Data and Creativity - A One-Two Punch from Marketing

Some people believe that if you put a bunch of “data” in a room with some really smart “data scientists” and “data engineers,” out will pop oodles of invaluable insights that will increase efficiencies and perhaps fundamentally transform your business.  And if that doesn’t work, then you just need to invest more, get a Hadoop cluster, more powerful statistical software, data mine harder, or you need to increase the variety and velocity of your data.

Undoubtedly, the opportunities afforded an enterprise by big data are indeed enormous. But why are many firms finding that they are not getting the big bang they were promised for their big data bucks?

Trying to extract value from data without creativity, passion, strategic insight, and business acumen is like trying to bake bread without yeast and wondering why it doesn’t rise.  It’s like a car without wheels; as hard as you push the gas pedal down, you don’t get far.

Netflix is best-in-class when it comes to leveraging data. Case in point: the decision to buy the series “House of Cards.” Netflix had viewer data showing that a lot of users had watched movies directed by David Fincher from beginning to end. And films featuring Kevin Spacey had done well, as well as the British version of “House of Cards.” Put all those data points together and an American version of “House of Cards” directed by David Fincher and starring Kevin Spacey sounds like a good bet, and it was.

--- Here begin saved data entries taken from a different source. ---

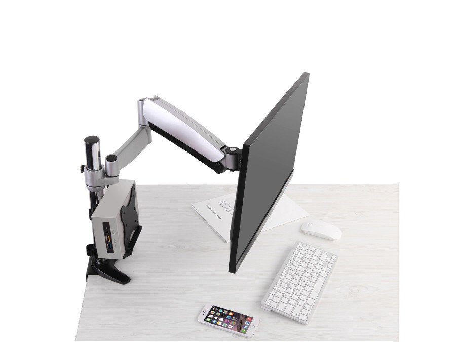 Držák na mini PC NUC Fiber Mounts M7C20 Univerzální držák na Intel NUC, Mini Mac CPU, mini PC a atp. Uchycení na držáky, za monitor, pod stolovou desku, zeď, tyč až 55mm. Nosnost 5kg. Univerzální držák pro uchycení malých PC na držák nebo na stůl. Ideální na Intel NUC, Mini Mac CPU a další podobné malé PC. Držák má nastavitelnou šířku dle potřeby od 17mm do 70mm - PC s větší šířkou jak 70mm není na držák možné uchytit. Držák Fiber Mounts M7C20 je možné uchytit na televizní držák přímo za monitor - podporuje VESA standardy, na nosnou tyč držáku pomocí objímky nebo kdekoliv na stůl. Držák je velmi bezpečný, zatížit ho můžete zařízením o hmotnosti až 5kg. Na držák na Intel NUC poskytujeme záruku 5 let. Univerzální držák na mini PC, NUC, MAC Mini CPU apod, uchycení na držák, za monitor, na stůl nebo na zeď - Fiber Mounts M7C20 Technické údaje: nosnost 5kg nastavitelná šířka držáku 17mm až 70mm ideální na Intel NUC a podobné uchycení na držák, tyč o průměru do 55mm nebo na stůl podporuje VESA standardy 50 / 75 / 100 bezpečná a pevná konstrukce materiál ocel zajišťovací páska pro zajištění CPU na držáku barevné provedení černé záruka 5 let Možnost uchycení na držáky nebo za monitory s VESA standardem: VESA 50x50 VESA 75x75 VESA 100x100 Držák na mini PC, Intel CPU, MAC Mini CPU apod. s uchycením na držák za monitor - Fiber Mounts M7C20 Možnost uchycení na tyč pomocí objímky. Vhodné na tyče o průměru do 55mm. Držák mini PC, Intel NUC, MAC Mini CPU apod, uchycení na tyč o průměru až 55mm - Fiber Mounts M7C20 Možnost uchycení pod stolovou desku nebo i na stěnu..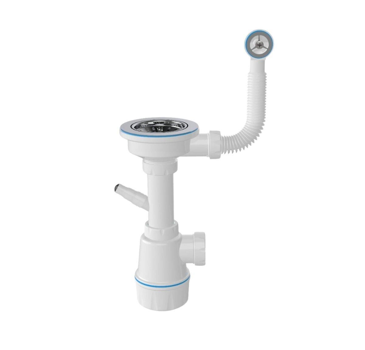 Надійний Сифон Nova 1041 Комплект завершує високоякісний одинарний сифон Nova 1041. Виготовлений з міцного пластику, він має безгофровий дизайн, що запобігає засміченням. Компактні розміри сифона допомагають ефективно використовувати простір під мийкою.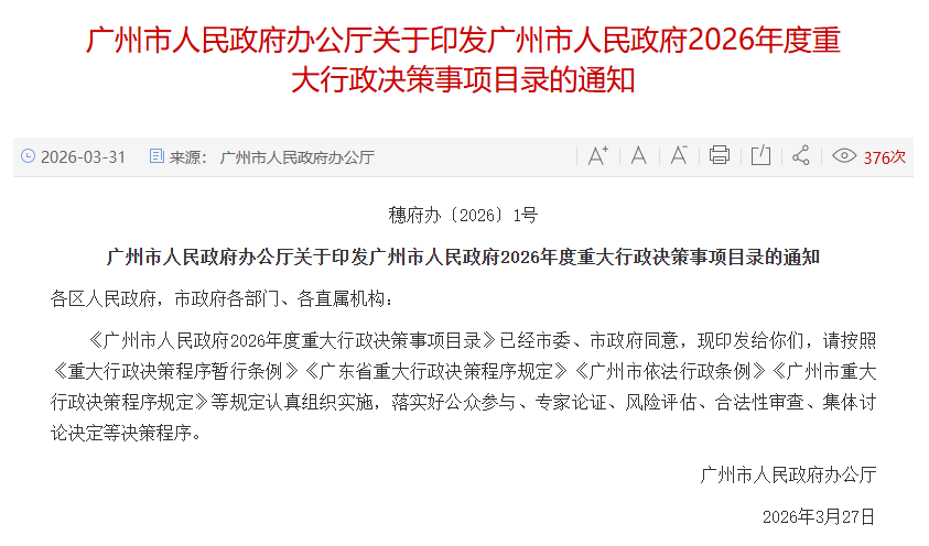 这两项调整是广州市政府2026年的重大行政决策事项,旨在让价格机制更合理、更可持续。

A regression algorithm did not create the “House of Cards” series. And a Hadoop cluster did not make the data relevant to an important decision. Undoubtedly, technology and analysis were necessary ingredients to enable the collection and reporting of the data. But decision makers asked the right questions and applied data to a real business decision.

What lessons can we learn from this Netflix example?

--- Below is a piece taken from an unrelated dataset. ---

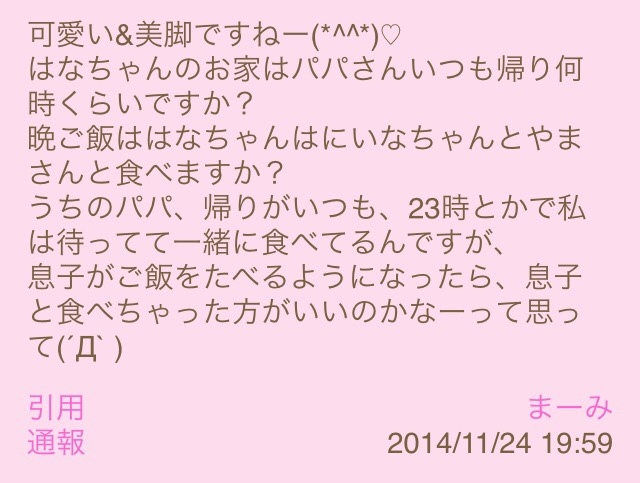パパが帰宅してごはん食べてる時はパパが1人ごはんでも寂しくないようになるべく前の席に座って話しをしてます。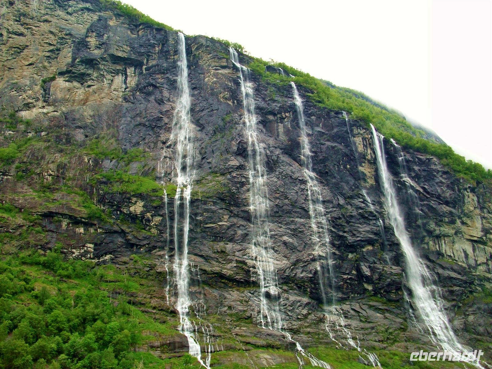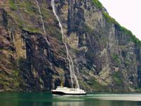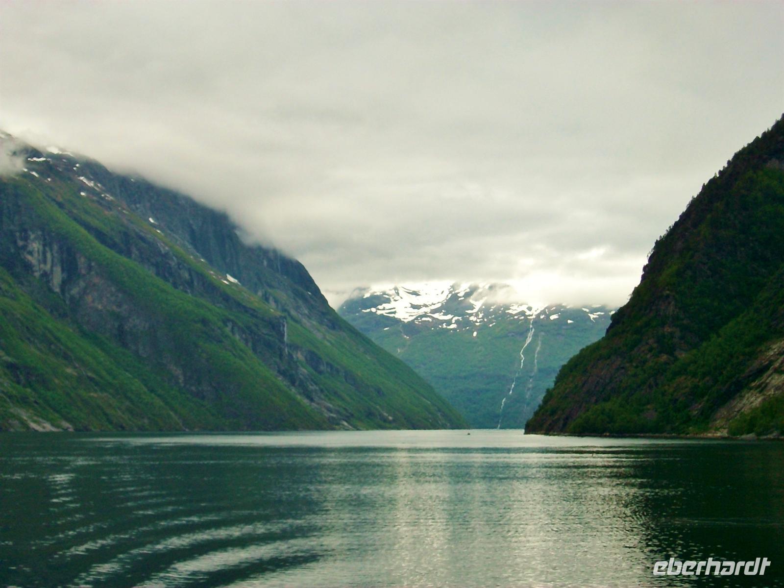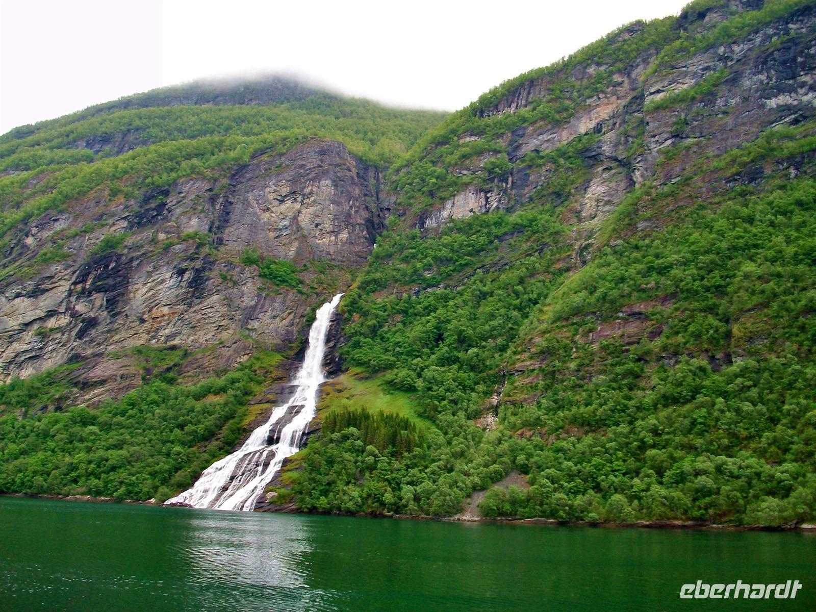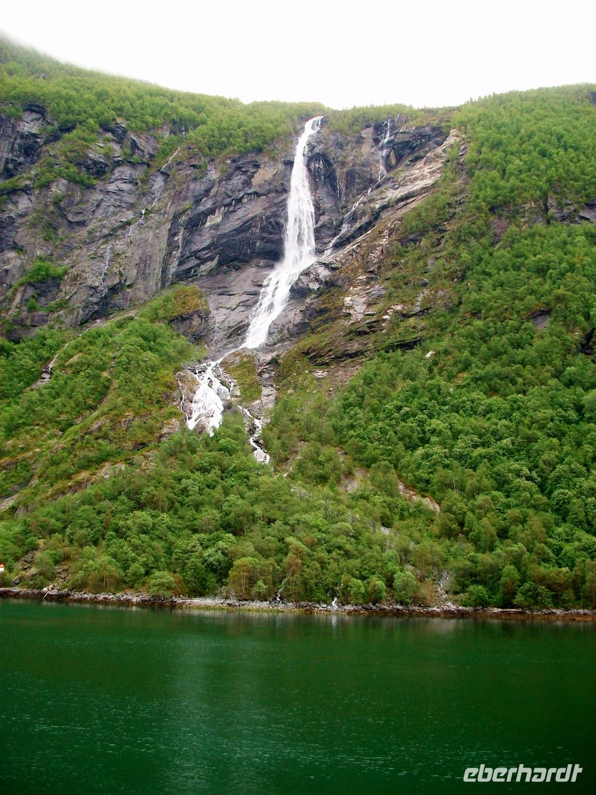 Die Fahrt geht los und langsam ziehen wir unsere Bahn; direkt vom Wasser steigen steil die Berge empor, von oben senden zahlreiche Wasserfälle das sprudelnde Nass in den Geirangerfjord. Es ist der ewige Kreislauf der Natur und wir Menschen sind mittendrin und schauen bewundernd auf diese grandiosen Erscheinungen. Etwas verloren kommen wir uns zwischen diesen gigantischen Erhebungen vor die manchmal lotrecht emporsteigen. Langsam zieht das Schiff seine Bahn, dieser Fjord enthüllt dabei mehr und mehr seine Geheimnisse, kein Wunder das die Menschen früher an Geister glaubten, irgendwie musste man diese Impressionen interpretieren.

1)  Put different people together. Data shouldn’t just live with quants in the basement. Get your “non-data people”—your salesmen, creative, writers, etc.—and make them work on something—anything-- with your data analysts.

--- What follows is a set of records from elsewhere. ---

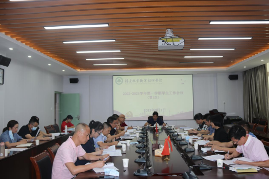 本网讯 9月1日下午,我院在江南校区行政楼五楼会议室召开2022-2023学年第一学期第一次学生工作例会。院党委副书记严绍裕出席并主持会议。学生工作部、安全保卫处、团委主要负责人,各系党总支书记、副书记参加会议。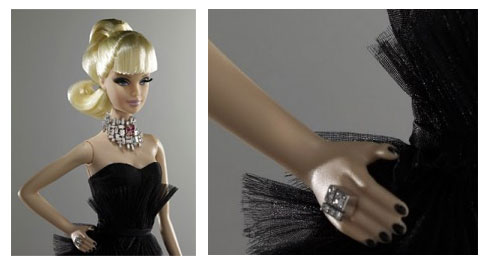 Ela foi desenhada por Stefano Canturi, e seu preço é nada mais nada menos do que 500.000 dólares, se você está pensando que leu errado saiba que não é isso mesmo Quinhentos Mil Dólares, e seu preço está quase todo concentrado em seu pescocinho, são 3 quilates de diamantes e arrematados por um diamante raríssimo e rosa, que retém o maior valor dentre todos os outros diamantes, e na mão direita ela também exibe um belo anel de diamantes, haha... é a Barbie mais sofisticada, e ela mesmo sendo uma boneca tem mais diamantes do que muitas mulheres reais do mundo, incluindo euzinha, rsrsrsrsrs....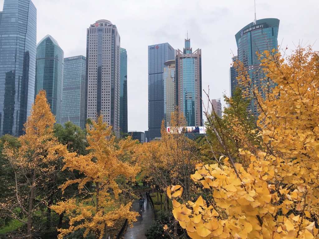 高層ビル群がそびえ立つ浦东(プードン)エリアに位置する緑いっぱいの公園「陆家嘴中心绿地(Lujiazui Central Green Space)」。よく整備されていてベンチもあるので、のんびり静かに紅葉を眺めることができます。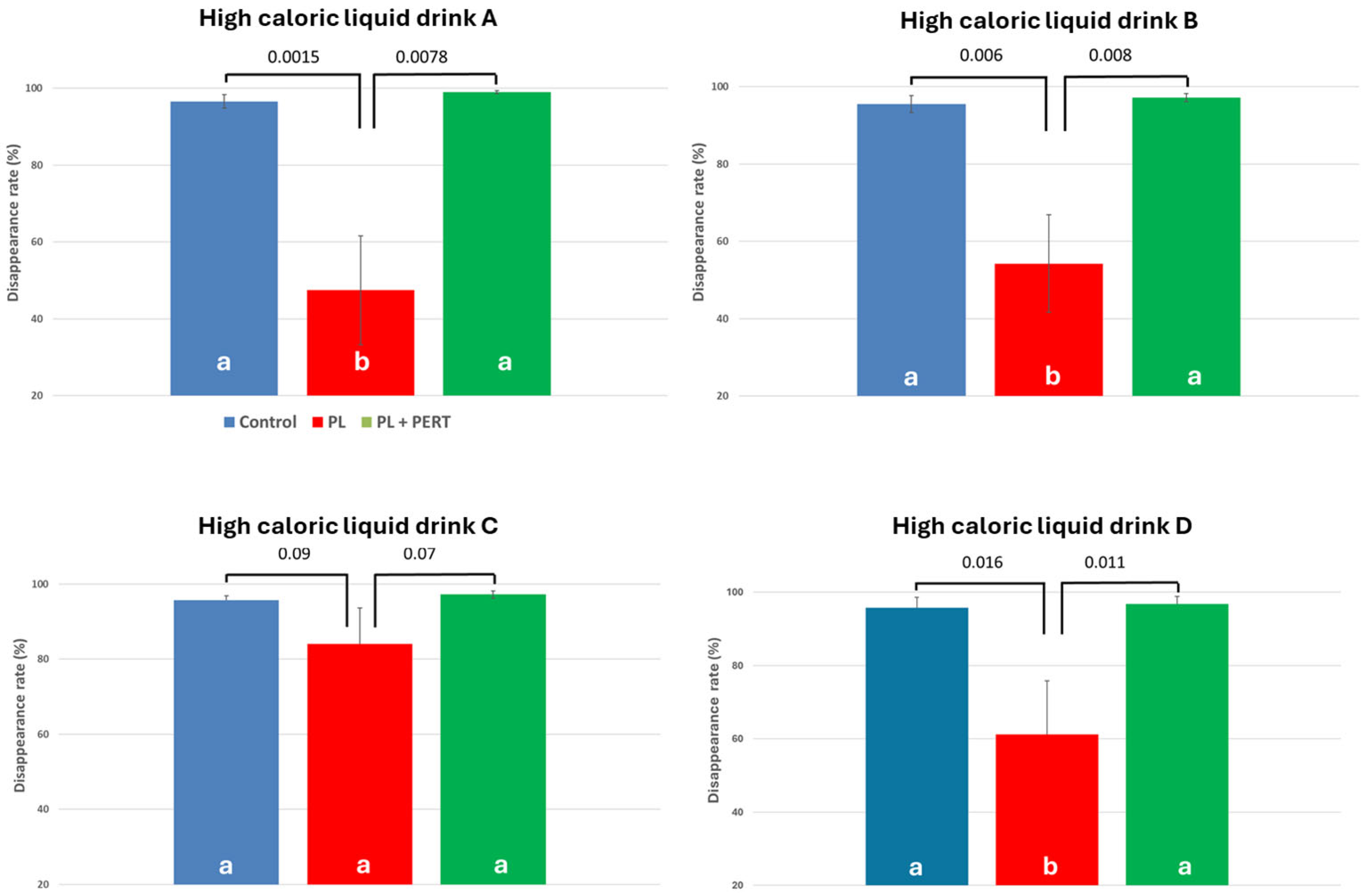 - Hauenschild, A.; Ewald, N.; Klauke, T.; Liebchen, A.; Bretzel, R.G.; Kloer, H.; Hardt, P.D. Effect of liquid pancreatic enzymes on the assimilation of fat in different liquid formula diets. J. Parenter. Enteral Nutr. 2008, 32, 98–100. [Google Scholar] [CrossRef]

2)  Look at your data… not just the data scientists or data analysts in your organization—everyone should be familiar with the data in your organization. Most data is just tables. If you can use Excel, you can look at your data and familiarize yourself with it.

3)  Think about context. Data, datum… What do you do with that?  Data are just facts about real things that are put into a quantitative or computer form that can be analyzed with computational methods. You should understand where your data comes from and what it means.

4)  Require people whose job is not focused on data to provide data to support their decisions. If you have a new marketing idea, provide data that supports your idea. Make a required part of your business processes.

5)  Don’t be just an organization with a data and analytics group. Be an organization that uses data and analytics for everything they do. Only when data and analytics are embedded in the culture of your organization—not just a siloed group in your organization—will your organization truly see huge benefits from data.

6)  Get creative. When you put “non-data people” together with “data people” to work on interesting problems, you’ll create a context where game-changing and transformative business ideas that leverage data can be born.